The results of searches, each in a complex SGML designed to support retrievals such as those discussed here, are prepared by the final stage for presentation to a WWW client such as Mosaic by being filtered to HTML. Filtering, in these examples, is again achieved by perl. Most tags from the originating files will be specialized and not have a corresponding HTML tag. For example, the quoted author element in the OED, <A>, has no corresponding HTML tag but one might render it as italicized text. Because of this lack of correspondence and the limited number of HTML tags, decisions are largely arbitrary and draw on presentational or aesthetic needs.

The filter, oed.pl, is used to filter OED tags to HTML. This filter and the resulting output demonstrates the challenge of filtering rich, heterogeneous text to HTML. A sample tagged OED entry is included in Figure 1 to illustrate the problems encountered. Information can be presented attractively to a user with a GUI client, despite many compromises in mapping complex tags to simple presentation characteristics. Future improvements in HTML and the ability of clients to interpret a variety of tags should enhance the display of OED entries.

Subsequent to the KWIC view for TEI and Middle English, more thorough transformations are performed on the texts. For example, upon being selected, a result's byte offset is sent to a program that uses PAT to print 1,500 character context for a result. The results of this 1,500 character view may contain any of the possible tags in the DTD, so a filter that represents all possible element values is created. At this time, the filters fall short in many areas, in particular in their ability to express complex relationships made possible in the DTD. For example, an element, <LIST>, may have an attribute value TYPE="gloss" that suggests it should be converted to the HTML <DL>. Before closing, the element <LIST> may contain other <LIST>s with other TYPE= values. At the present time, these simple stream-oriented filters cannot differentiate between tags with the same name but different functions in this type of complex nesting relationship. Two examples of filters are included here, a filter for the Oxford Text Archive DTD in ota.pl and a filter for the TEI P3 DTD in tei.pl. Currently (August 1994) both represent local display concerns and continue to be enhanced.

Preparing Texts with PAT

Very little preparation of SGML texts is necessary to be able to implement this strategy with PAT. In order to provide a useful indicator of location for KWIC views, we typically add an <ID> element with concise positional information. For example, in our Modern English texts, we add a combination of author, title, and pagination to create an <ID> such as JefLett244 (i.e., Thomas Jefferson, Letters, page 244). These <ID> values are limited to ten characters.

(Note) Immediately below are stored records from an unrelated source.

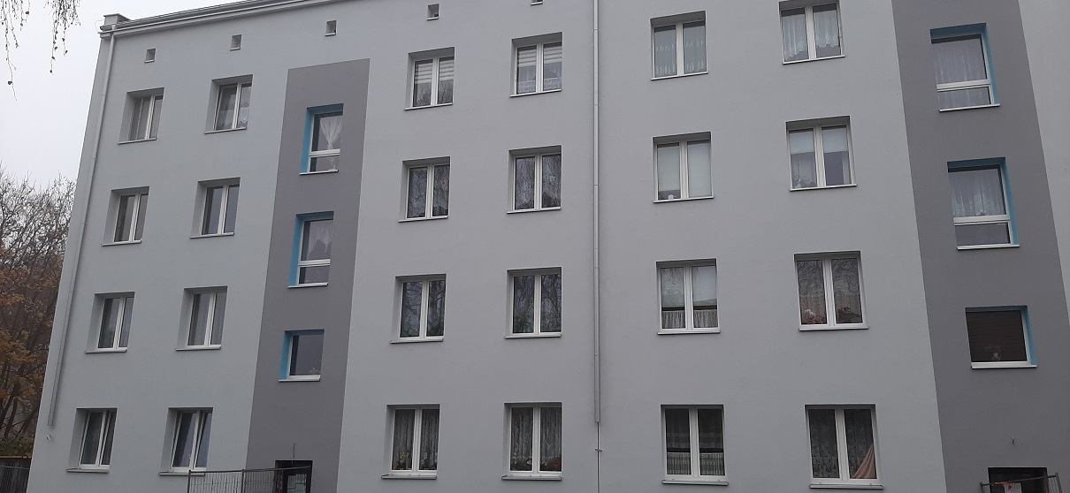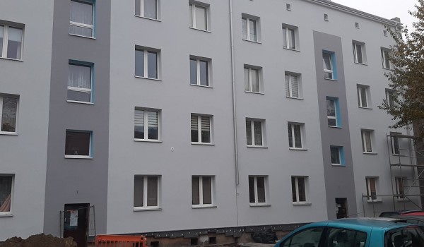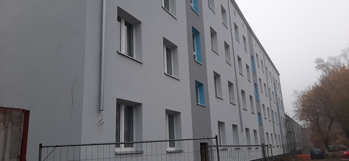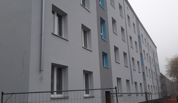 Międzygminne TBS Sp. z o.o. informuje, iż wykonano docieplenie ścian (nadziemia) zewnętrznych, tj. południowej i wschodniej, aktualnie trwa docieplenie ściany północnej i zachodniej.
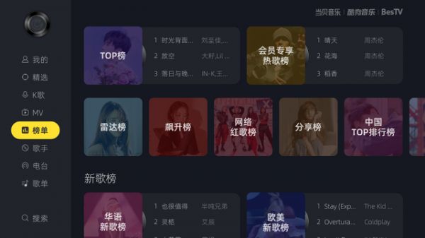 小伙伴们常用的听歌,K歌软件又是哪个呢,K歌软件哪款比较好呢?其实利用手机K歌来说,电视家庭K歌软件其实更受欢迎,例如:当贝酷狗音乐。究其原因就是它的使用体验战略的绝对成功,每首歌都是无损音质和内置版权库的强大。
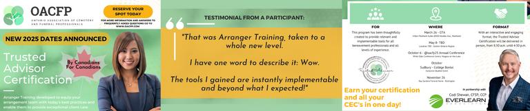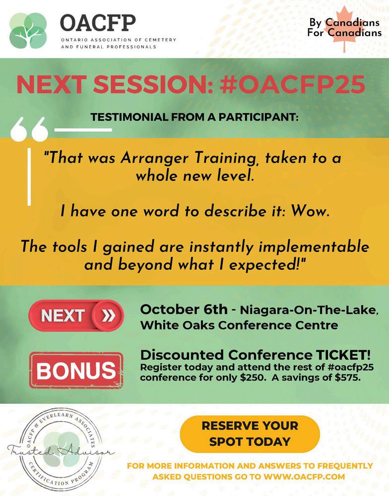 Together, these sessions exemplified the OACFP’s commitment to equipping members with the tools, insights, and confidence needed to lead with trust and impact in today’s evolving bereavement landscape.
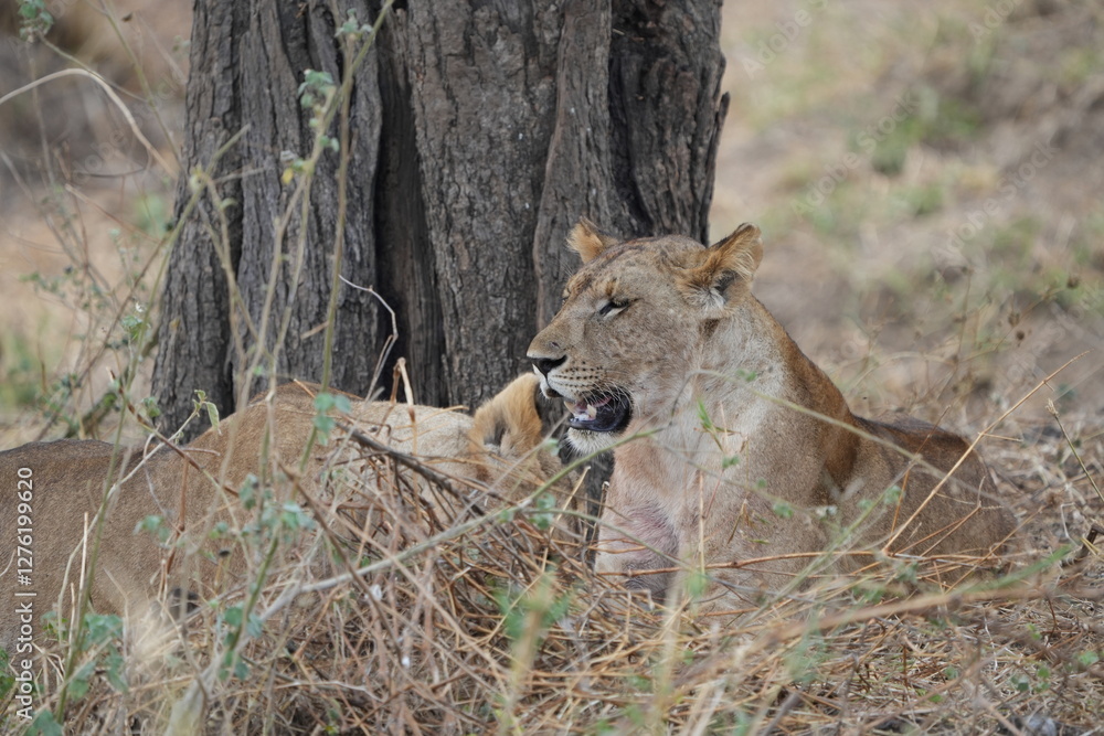 portrait of two lions chilling in the savannah of tarangire national park tanzania
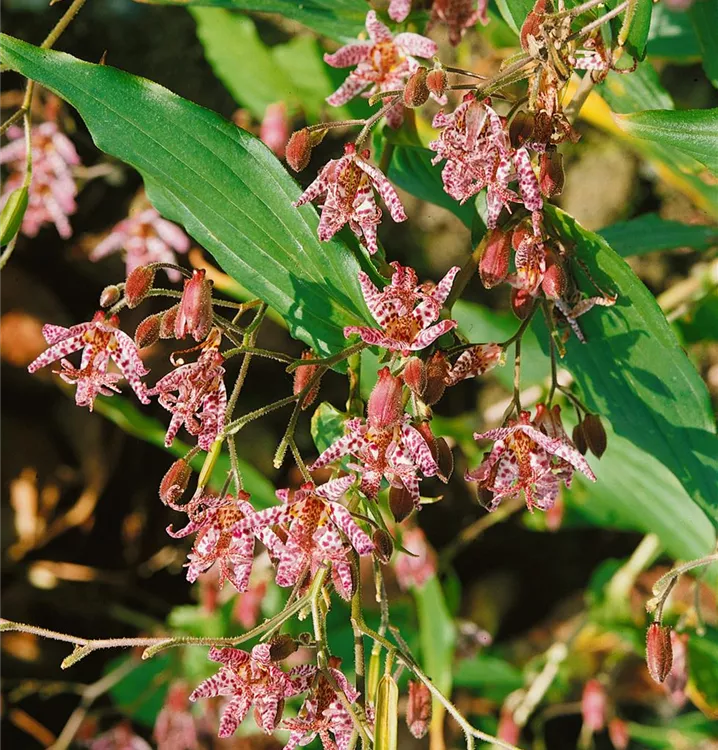 Die Japanische Krötenlilie weist eine gute Frosthärte auf.
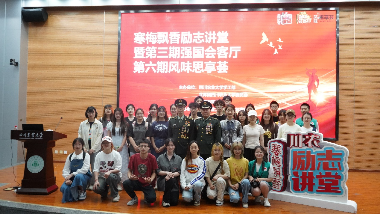 近日,寒梅飘香励志讲堂暨第三期“强国会客厅”、第六期“风味思享荟”在成都校区二教报告厅开讲。成都市军队离休退休干部服务中心军休功臣张小平、梁强受邀作个人经历分享。学工部部长、学生处处长李静波,校团委书记侯维,低调看球 党委书记饶远林,学生处副处长、学生资助中心主任王丽萍及相关负责教师,励志启航训练营营员、强国会客厅学员和低调看球 学生干部、入党积极分子400余名师生代表参加活动。
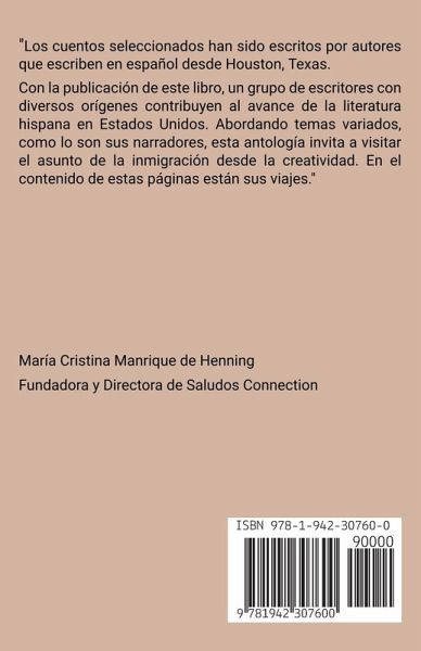 Los cuentos seleccionados han sido escritos por autores que escriben en español desde Houston, Texas. Con la publicación de este libro, un grupo de escritores con diversos orígenes contribuyen al avance de la literatura hispana en Estados Unidos. Abordando temas variados, como lo son sus narradores, esta antología invita a visitar el asunto de la inmigración desde la creatividad. En el contenido de estas páginas están sus viajes. María Cristina Manrique de Henning Saludos Connection
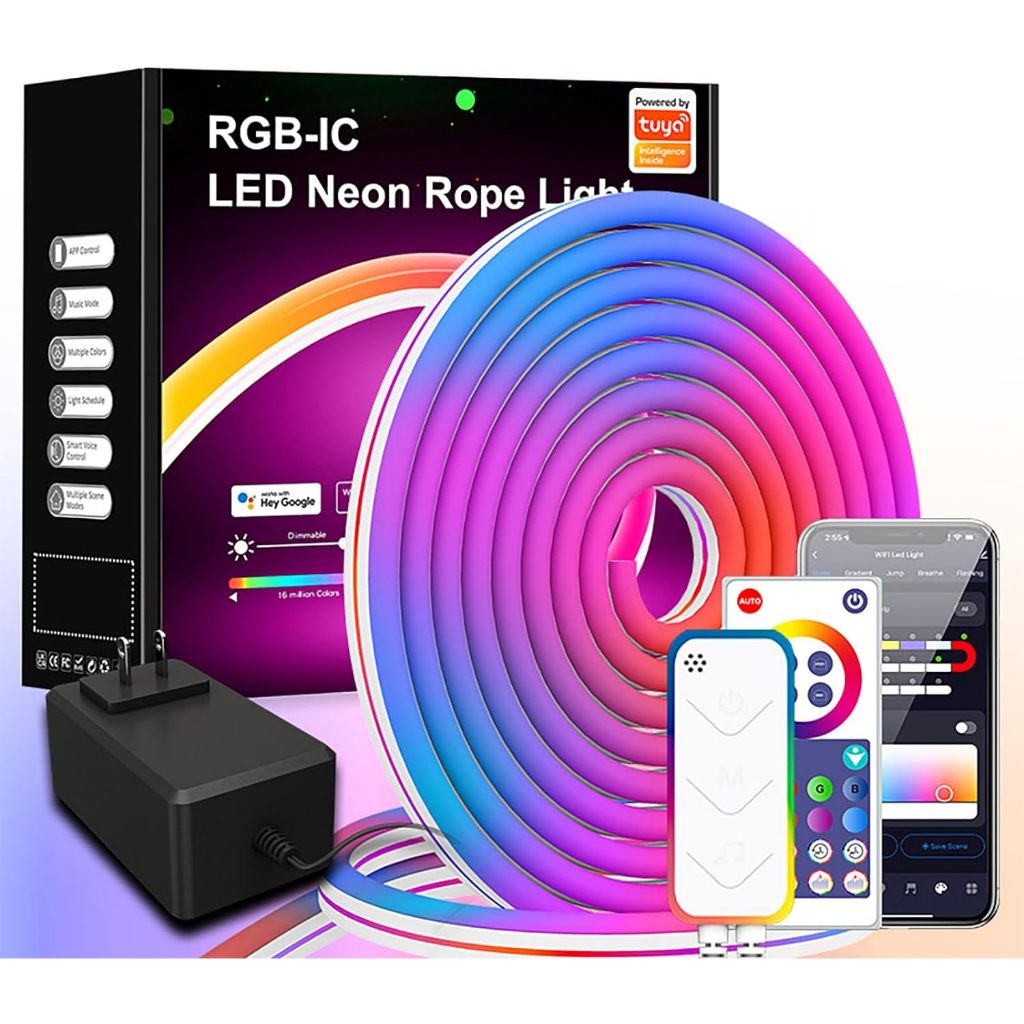 Luzes De Corda De Néon LED RGBIC Com Controlador Remoto De APP De Sincronização De Música E Adaptador De Energia , Lâmpada De Fita Waterpoof , Tiras Flexíveis De Design DIY Para Quarto , Sala De Estar , Jogos , Decoração De Festa
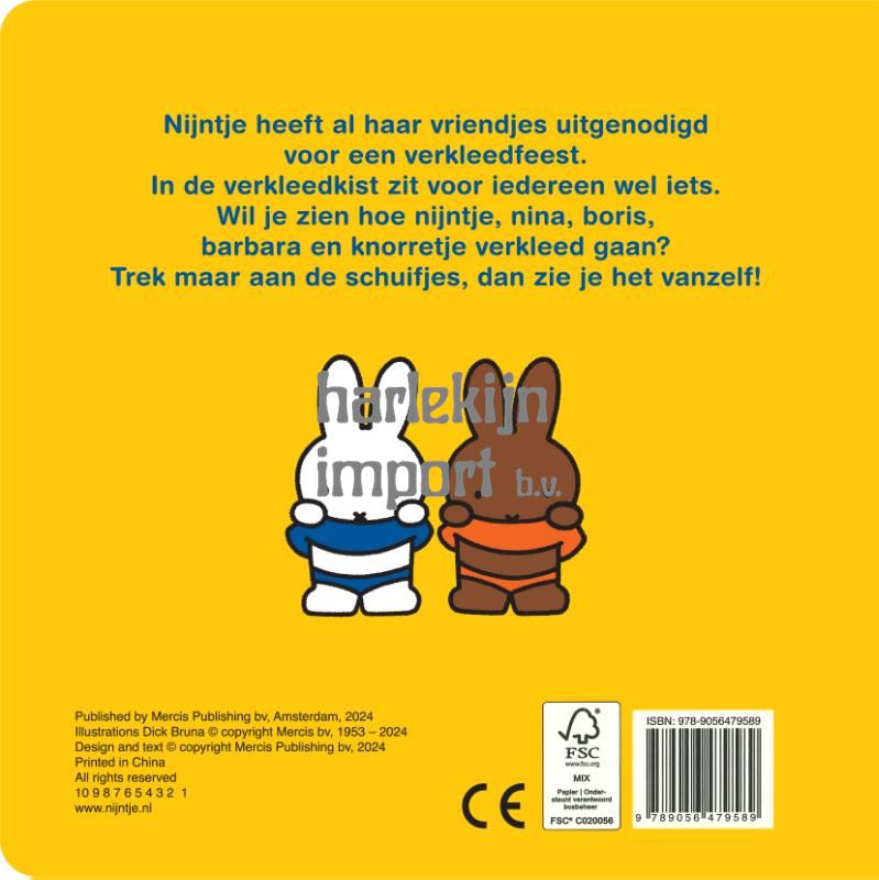 Nijntje heeft haar vriendjes uitgenodigd voor een verkleedfeest. Er is een verkleedkist met voor iedereen iets. Wil je zien hoe nijntje, nina, boris, barbara en knorretje verkleed gaan? Trek maar aan de schuifjes, dan zie je het vanzelf! Een vrolijk geïllustreerd en stevig kartonboek met schuifjes. Met een aansprekend thema; verkleden is niet alleen leuk in de carnavalsperiode!
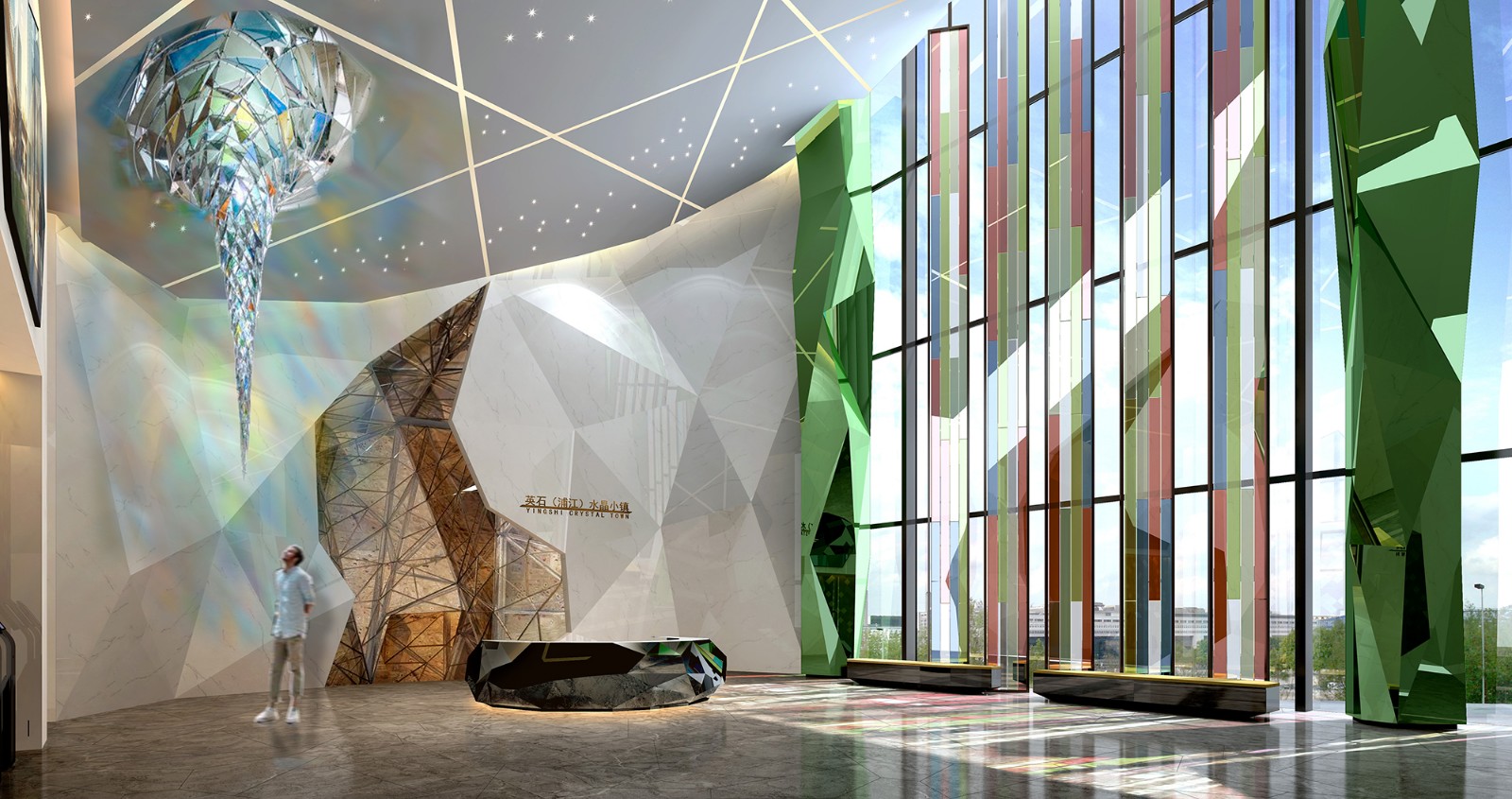 浦江是聞名遐邇的中國水晶之都,水晶小鎮(zhèn)是浦江水晶產(chǎn)業(yè)轉(zhuǎn)型升級的示范區(qū),而小鎮(zhèn)客廳是水晶小鎮(zhèn)之旅的第一站和核心景觀。整個(gè)小鎮(zhèn)客廳集接待、洽談、體驗(yàn)、展示、餐飲、娛樂、休閑等功能于一體,分為地下一層、地上二層,主要設(shè)有服務(wù)大廳、多功能廳(劇場)、水晶小鎮(zhèn)展示廳、水晶藝術(shù)館、DIY紀(jì)念館、水晶博物館、水晶小鎮(zhèn)未來科技體驗(yàn)館、智能指揮中心、英石浦江(辦公室)以及其他配套設(shè)施。建筑總面積約13500平方米,設(shè)計(jì)總面積約12000平方米。

The TEI Guidelines are complex and make liberal use of minimization (i.e., omission of end tags where they are clearly implied by context), making other steps necessary. These included:

normalization: a parser was used to normalize the text. This results in all elements being closed, and a consistent (uppercase) format for all elements. Thus, a chapter that begins with <div1 id=AB> and whose end tag is implied by the beginning of a new chapter is changed to <DIV1 ID="AB"> and </DIV1>.
added id values: three <DIV1> elements did not have id attributes. These were added to aid in retrieval, and included attributes such as id="bibliog" for the bibliography.
ID element: an <ID> was created for each <DIV1>, with the value of the id attribute being copied to the <ID>. So, for example, the chapter called ``A Gentle Introduction to SGML,'' <DIV1 id="SG"> now has <ID>SG</ID>. This makes it possible to display the ID value for each <DIV1> in the KWIC views.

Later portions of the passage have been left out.